American rabbi and psychiatrist (1930–2021)

Abraham Joshua Heshel Twerski (אברהם יהושע העשיל טווערסקי; – ) was an American Hasidic rabbi, a scion of the Chernobyl Hasidic dynasty, and a psychiatrist specializing in substance abuse.

== Early life and education ==
Abraham Joshua Twerski was born in Milwaukee, Wisconsin. His parents were Devorah Leah (née Halberstam; 1900–1995), daughter of the second Rebbe of Bobov, and Rabbi Jacob Israel Twerski (1898–1973), who was the rabbi of Beth Jehudah synagogue in Milwaukee. The elder Rabbi Twerski immigrated to America in 1927, and was a descendant of Rabbi Menachem Nachum Twersky, the founder of the Chernobyl Hasidic dynasty, and a student of the Baal Shem Tov. Twerski was the third of five brothers. His two older brothers were Shloime and Motel, and his two younger brothers were twins, Aaron and Michel.

He attended public high school in Milwaukee, and graduated at age 16. He enrolled in the Hebrew Theological College of Chicago (since located in Skokie, Illinois) and was ordained a rabbi in 1951. He worked with his father as assistant rabbi. In 1952, he married Goldie Flusberg. In 1953, Twerski enrolled at Milwaukee's Marquette University. After realizing that congregants were choosing professionals for counseling rather than speaking to him as they did with his father, he decided to enroll at the Medical College of Wisconsin to seek a degree in psychiatry, with his tuition covered by his father and members of his synagogue. in 1959. He received his psychiatric training at the University of Pittsburgh, and spent an additional two years on the staff of a state hospital in Pennsylvania. He was then asked to become the department head of psychiatry at Pittsburgh's St.

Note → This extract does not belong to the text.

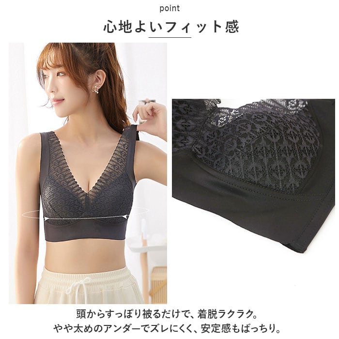 ブラジャー ナイトブラ 通販 フルカップブラジャー ブラ 単品 ホックなし Vネック レース レディースインナー 婦人下着 下着 フルカップブラ カップ付 アンダーウェア おしゃれ かわいい 大人 可愛い シンプル

Francis Hospital.

==Career==
===Medicine===
Rabbi Twerski's medical career includes Gateway Rehabilitation Center, Pittsburgh, which he founded and served as medical director emeritus, clinical director of the Department of Psychiatry at St. Francis Hospital in Pittsburgh, associate professor of psychiatry
at the University of Pittsburgh's School of Medicine, and founder of the Shaar Hatikvah rehabilitation center for prisoners in Israel.

===Rabbinic career===
Rabbi Twerski was a prolific writer of Jewish books and of shiurim (Torah-themed lectures).
He was co-spiritual leader of Congregation Beth Jehudah with his father from ordination until 1959. During this time he composed a melody for the Hebrew verse Psalms 28:9 "Hoshea es Amecha," which became popular in Jewish circles. The song became especially popular in the Lubavitch community, after the Lubavitcher Rebbe sang it at a farbrengen.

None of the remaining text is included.